Un ajuste más inteligente para cada tipo de viajero

Los viajeros de negocios habituales suelen preferir un diseño sencillo y profesional, así como un acceso rápido al asa entre un vuelo y otro. Las familias suelen beneficiarse de fundas de colores vivos y fáciles de reconocer, que facilitan la identificación de varias maletas facturadas. Los responsables de equipos y los coordinadores de eventos deben probar una muestra de maleta del grupo antes de realizar un pedido más grande, sobre todo si las maletas proceden de varios fabricantes.

En el caso de los artículos de viaje personalizados, es aún más importante que el tamaño sea el adecuado. Un logotipo luce mejor cuando la funda se ajusta bien a la maleta, sin estirarse en exceso en la parte delantera ni formar pliegues en los laterales.
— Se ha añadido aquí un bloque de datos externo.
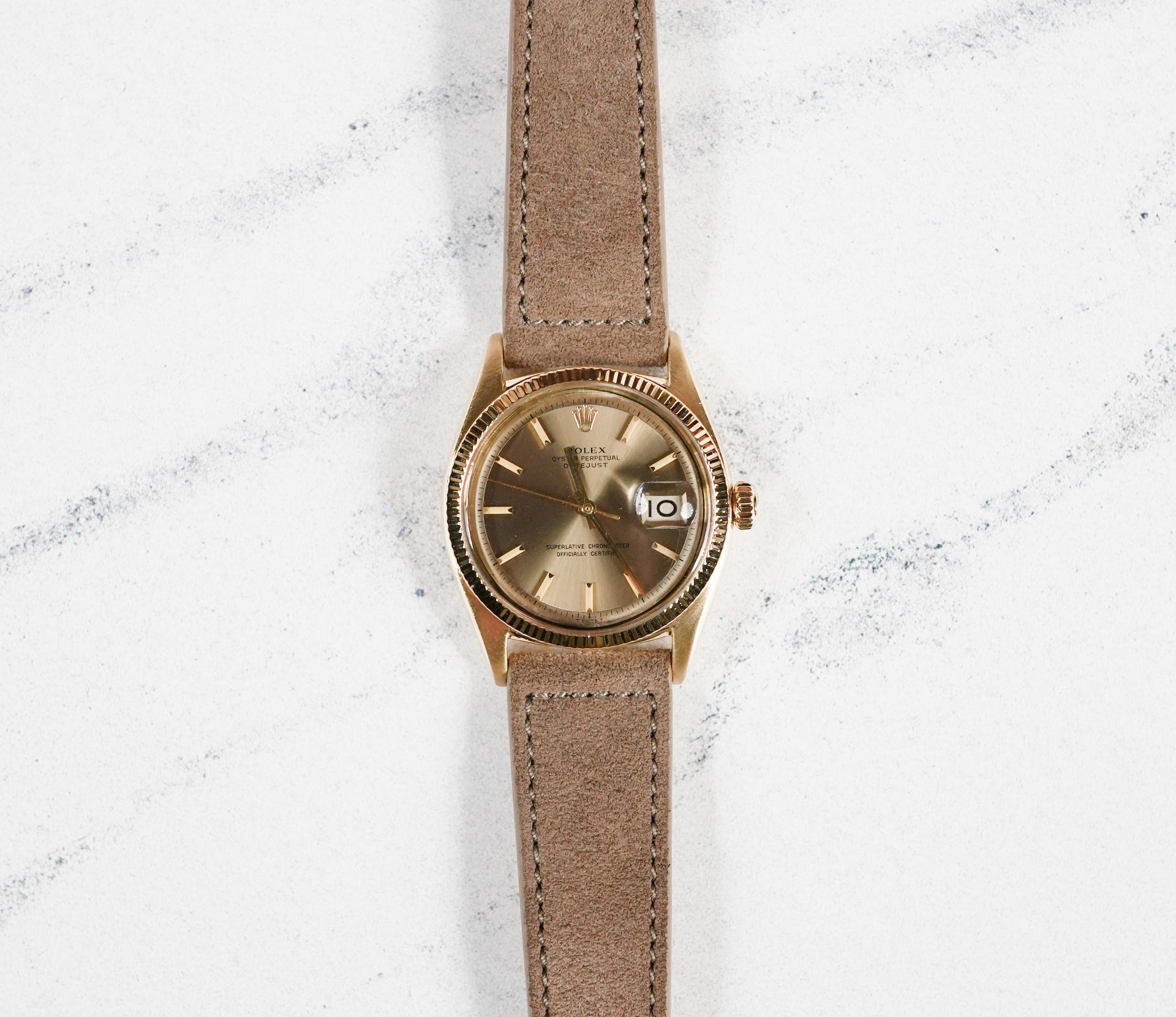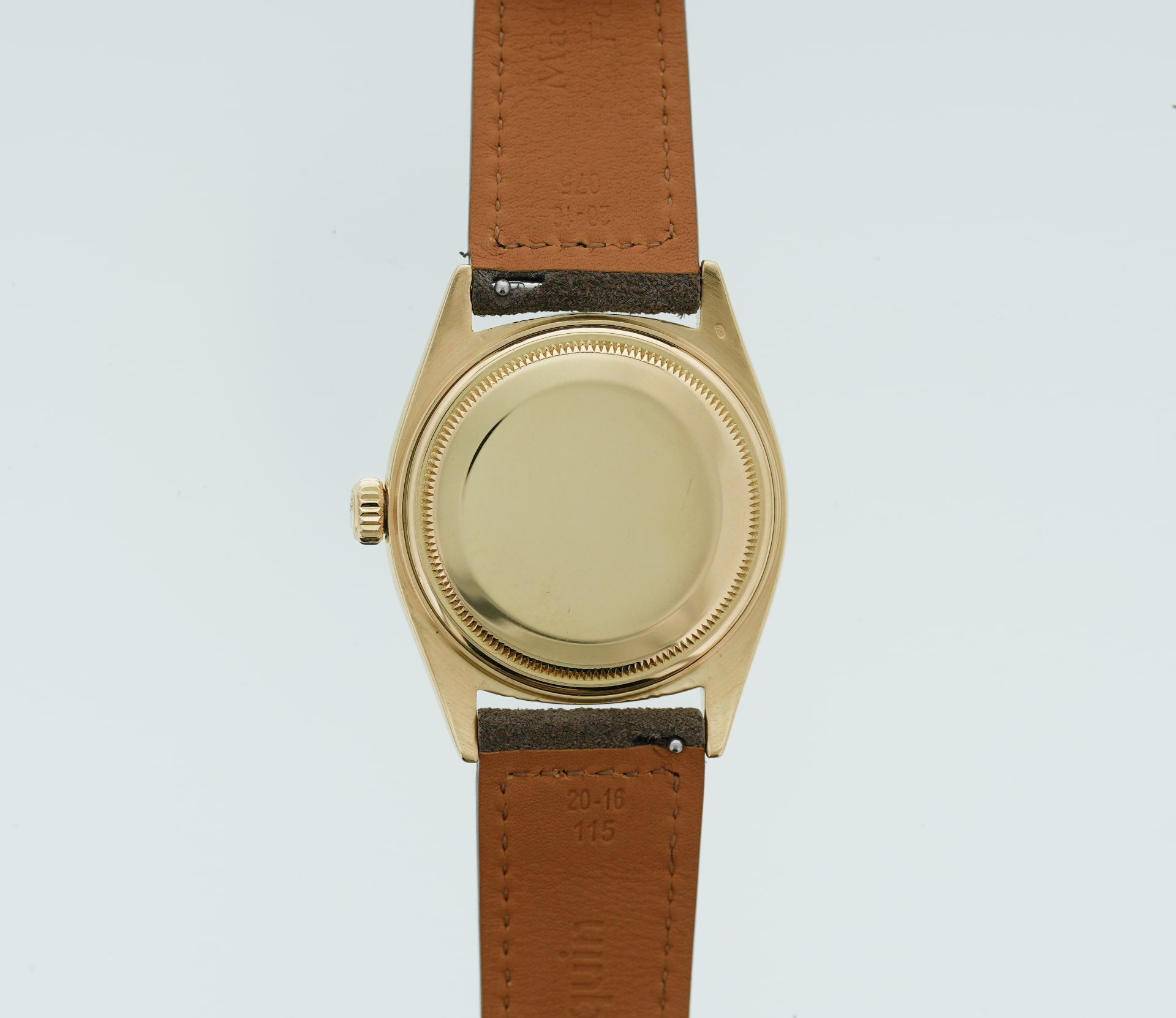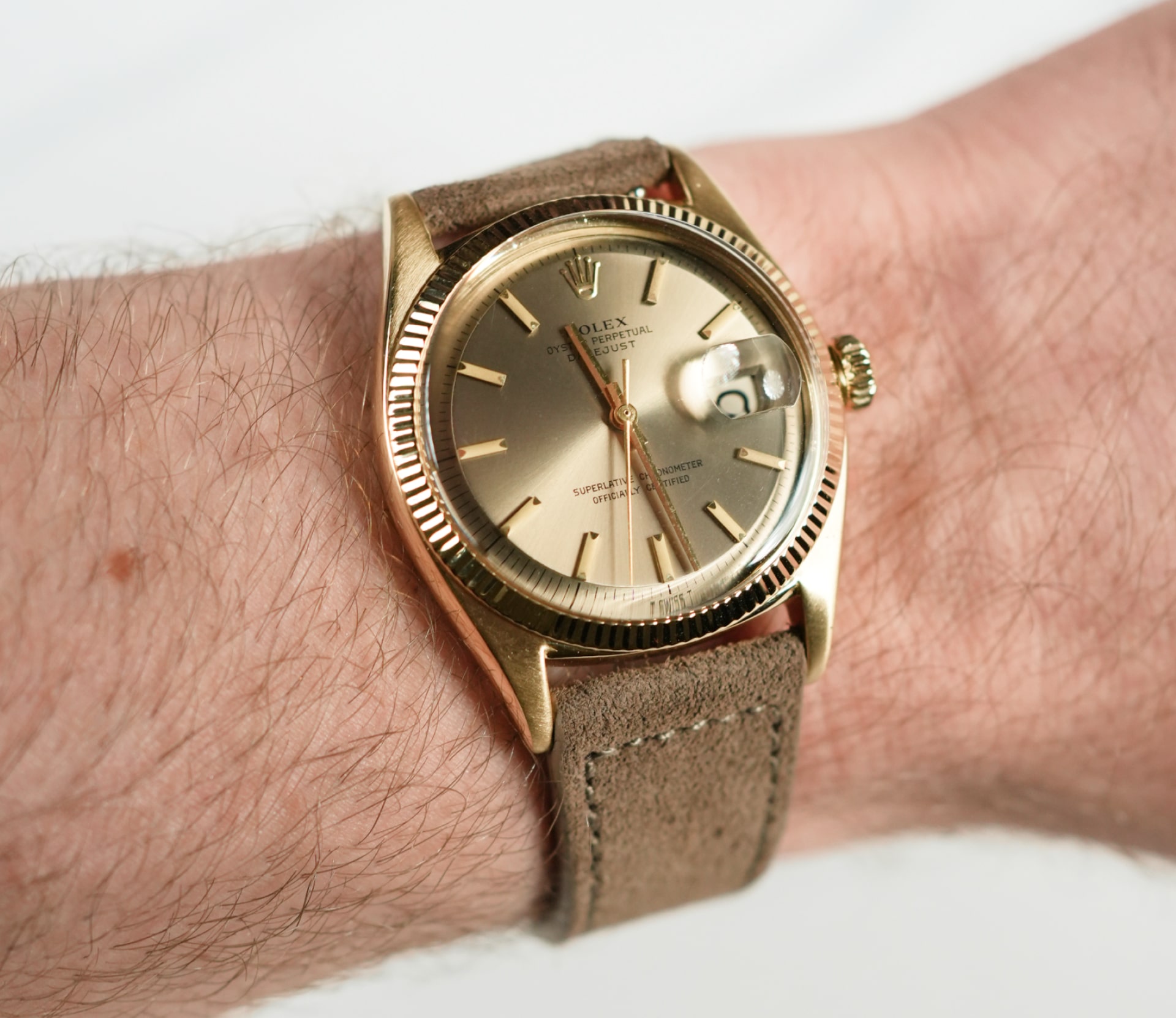 Rolex Datejust ref. 1601/8 in 18k yellow gold, 36 mm, 1970s. Fluted bezel, plexiglass, and the automatic cal. 1570 with date. The dial is grey sunburst with applied gold batons and matching baton hands—clean, versatile look.

The Luggage Wrap convierte este ajuste práctico en una imagen de viaje más cuidada, tanto si la maleta pertenece a un solo viajero como a todo un equipo.

Toma las medidas una vez, compáralas con la tabla correspondiente y comprueba que todo encaja antes de salir de viaje. Tu maleta rodará mejor, tendrá un aspecto más impecable y te resultará mucho más fácil reconocerla cuando por fin llegue el momento de volver a casa.